Di fronte a tutto questo, per molti la tentazione è di rinunciare a riflettere, di accontentarsi di risposte superficiali, semplicistiche, “premasticate” da altri. Contro quel torpore, però, bisogna fare uno sforzo: occorre studiare e approfondire: È il primo passo, fondamentale, in direzione di un impegno concreto, per diventare effettivamente “partigiani del nostro tempo”. È la nostra convinzione, ribadita in un articolo pubblicato sulla rivista nazionale dell’ANPI “Patria Indipendente”, nella ricorrenza del 25 Aprile 2019: “Conoscenza attiva e partigiani del nostro tempo”, in a. IV, n. 62, Aprile 2019.

Ecco perché abbiamo voluto conoscere, abbiamo voluto capire, andando direttamente alla “fonte”, cioè alla voce dei migranti e alle loro esperienze. E proprio per questo abbiamo deciso di trascrivere le testimonianze fedelmente, senza limare in alcun modo la forma, schietta e talvolta persino “grezza”, in cui ci sono state trasmesse. Nessuna velleità letteraria o ricerca stilistica: nel libro ci sono soltanto le parole dei migranti, messe sulla carta così come le abbiamo ascoltate.

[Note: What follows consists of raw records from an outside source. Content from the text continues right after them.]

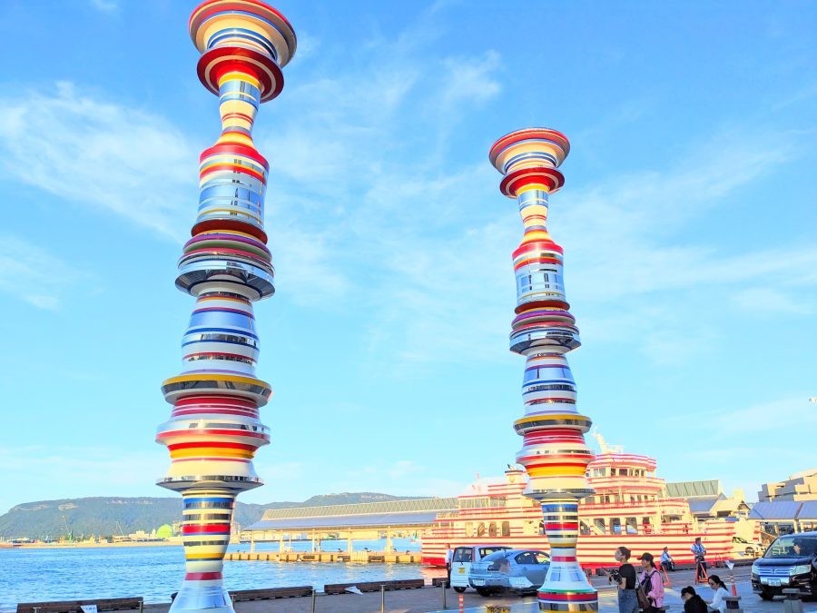 女木島・男木島行きのフェリーは正面に海を見たら一番右端の方にあります。真ん中らへんに建つ高松港のシンボルモニュメント『Liminal Air -core-』。このモニュメントよりも右の方です。迷わずに向かいましょう。
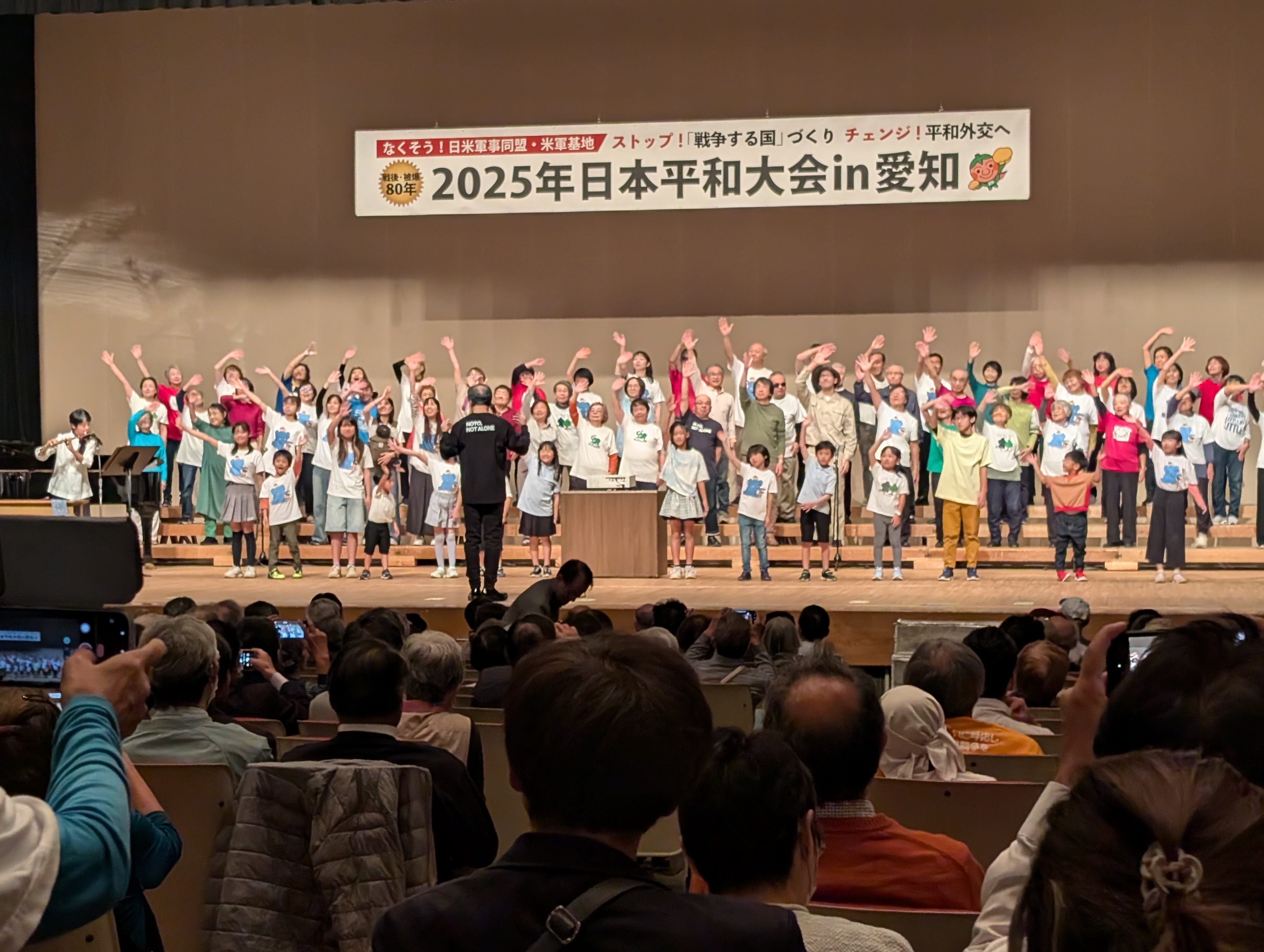 主催者報告では、ロシアによる核脅迫も伴うウクライナ侵攻、イスラエルによるパレスチナ・ガザへのジェノサイド、イスラエルと米国によるイラン攻撃など、二度と戦争はしない、核戦争を起こさせないとの願いが込められた国連憲章と日本国憲法の平和原則が、根本から脅かされていると指摘。
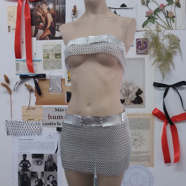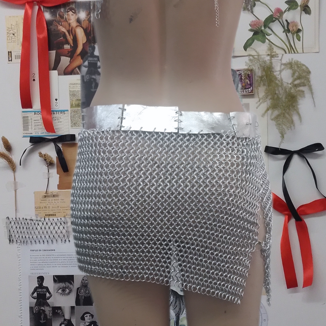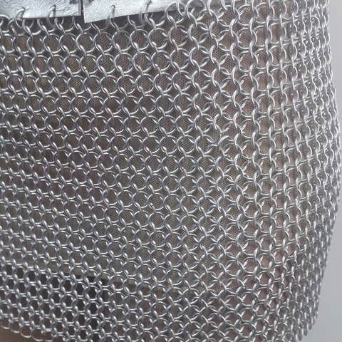 Materiales: Engarse de argollas en aluminio, cuero y cadenas. Cierre en mosquetones. TECNICA MALLA MEDIEVAL
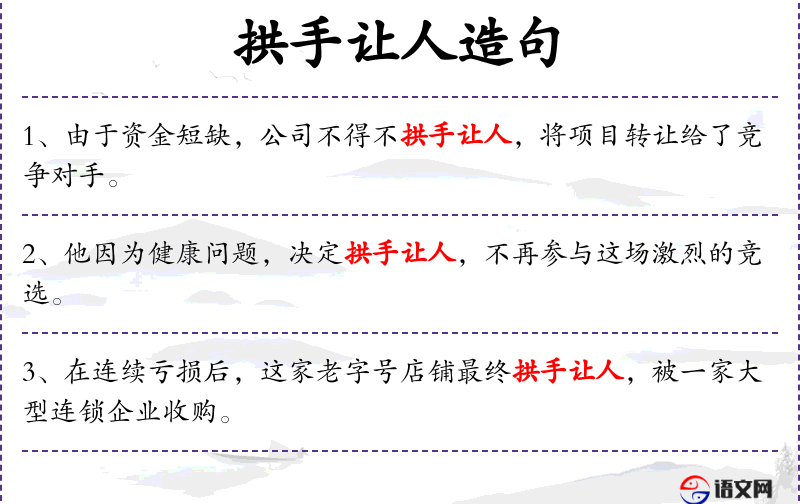 拱手让人:这个成语源自**古代的礼仪,表示恭敬地让出或放弃。在这里,它体现了小球队对强大对手的尊重和无奈。
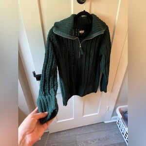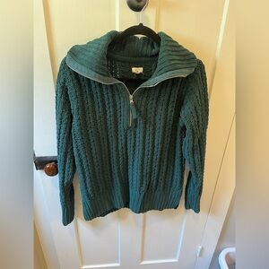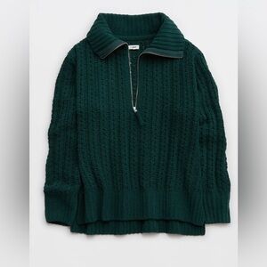 Aerie Cable Car Quarter Zip Sweater Deep Forest Green XXS Oversized fit

Una scelta obbligata, secondo noi. Pensiamo infatti che questi racconti, proprio nella loro autenticità, possano venirci in aiuto nella battaglia che abbiamo ingaggiato. Siamo convinti che lasceranno un segno: chi li leggerà non potrà fare a meno di commuoversi, di indignarsi, di appassionarsi, di riflettere. Molti si porranno delle domande, alcuni andranno a caccia di risposte. Nostro augurio è che qualcuno si spinga anche oltre, facendo la scelta necessaria: impegnare cuore e cervello nella lotta internazionalista contro il razzismo e per l’accoglienza.